How do we make sure our people are the most efficient, safe, workers in the industry and pass along, you know, that with our customers? That's what we're focused on. I'm actually incredibly bullish about 2023 at this point.

Sean Eastman
Analyst, KeyBanc Capital Markets

Okay, got it. If I rewind to the fourth quarter reporting season, this past year, when you guys rolled out the first quarter guidance, it was just kind of jarring for some folks in terms of kind of the starting point for the year. You know, I realize it's early here, but I thought, you know, maybe we could get ahead of that a little bit in terms of, you know, just how pronounced sort of that first half, back half could be, as we get those numbers in place, ahead of 4Q 2022 earnings.

Jose Mas
CEO, MasTec, Inc.

Yeah. Sean, obviously, it started. We can give directional color, right? I mean, I think-

Sean Eastman
Analyst, KeyBanc Capital Markets

Yep.

Jose Mas
CEO, MasTec, Inc.

It's fair to say that the first quarter is typically a very slow quarter. I think you know a seasonality cadence generally speaking you know roughly you know maybe a little bit better than last year but that similar kind of cadence is probably in the cards. I think when you look at the different components we'll see how the timing of clean energy comes together. It's obviously a different cadence for us now in 2023 with the addition of IEA but I think clean energy generally has a slower first quarter right?

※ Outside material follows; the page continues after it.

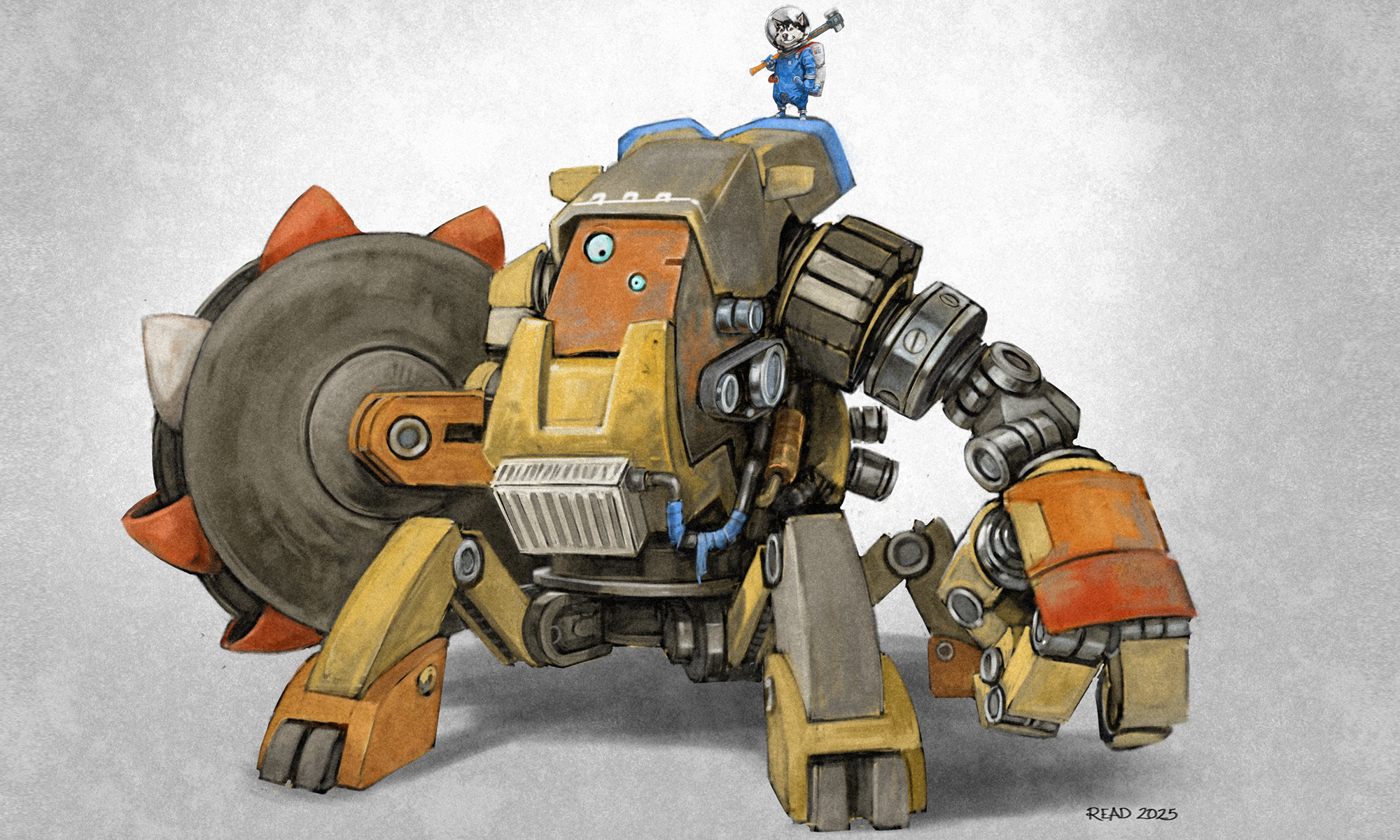 Von der Interplanetaren Upcycling Corporation (I·U·C) habt ihr die Order bekommen, den Schrott einzusammeln, daraus Roboter zu bauen und den Zwergplaneten damit zu erforschen. Dafür sucht ihr zunächst mit Tempo und Fingerspitzengefühl in der Weite des Weltraums – der gar nicht so „weit“ ist, wie ihr gleich feststellen werdet – nach verwertbaren Teilen. Aus diesen upcycelt ihr dann euren Roboter, klettert daran Ebene um Ebene empor und montiert schließlich die Steuereinheit: den AI-Controller. Eurem tapsigen Roboter, den ihr liebevoll Palooka nennt (was übersetzt soviel wie „Trampel“ heißt), verleiht ihr damit „Analoge Intelligenz“. Wer zuerst oben ankommt, darf den etwas verbeulten, dafür aber gutmütigen Roboter vor Freude auf Gong „herumtrampeln“ lassen. Nur zu Forschungszwecken – ist doch logisch!

I think communication should be better in general terms because we should see some more continuation of maybe not the same rate, but certainly a higher rate of spend than what we saw in the first half of last year on 5G. Those are just some factors to consider. You know, we'll obviously give more color when we go through the guidance components. You know, I think the first quarter typically is a slow start for us, and it's not necessarily. I don't think there's a big significant change in that as we think of 2023, given what we know today.

Sean Eastman
Analyst, KeyBanc Capital Markets

Thanks.

George Pita
EVP and CFO, MasTec, Inc.

I would add a couple things to that which I think are really important. When you compare historically our first quarter, especially in 2022, the comps were really difficult because oil and gas was so big. Just take a step back. In the first quarter of 2021, we did $725 million in our oil and gas business. In the first quarter of 2022, this year, we did $211 million. We had a $500 million drop off in the first quarter of the year. When you look at the second quarter, we had almost a $280 million drop off in that same oil and gas business, 2022 to 2021.

The reason I say that is our 2023 comps will be dramatically better than our 2022 comps were looking back to 2021. While in 2022, it was very pronounced, the growth we had to have to offset the oil and gas decline, that will not be the case in 2023. I think that phenomenon that we had to live through at the beginning of 2022, which was so challenging for us, which I think created a lot of the issues that we had in the first half of 2022, should not exist in the first half of 2023, making the comps dramatically better and the year being a lot more consistent relative to, you know, the look back. Obviously, we made the acquisition of IEA.

It's gonna have, you know, a huge benefit to us in the first half of the year without anything working against us. I think that's a big distinction between 2023 and 2022.

Sean Eastman
Analyst, KeyBanc Capital Markets

José Mas, George Pita, thanks very much. I appreciate it.

Jose Mas
CEO, MasTec, Inc.

Thanks, Sean. Appreciate it.

Operator

Thank you. As there are no further questions at this time, I'd like to hand the call back to José Mas.

Jose Mas
CEO, MasTec, Inc.

Yeah. Again, I just wanna thank everybody for your interest. We're, you know, happy to print the quarter that we did. We look forward to updating you again on our year-end call and laying out our guidance for 2023. Be safe and talk soon. Thank you.

Operator

Thank you. This will conclude today's conference call. Thank you for your participation, ladies and gentlemen. You may now disconnect.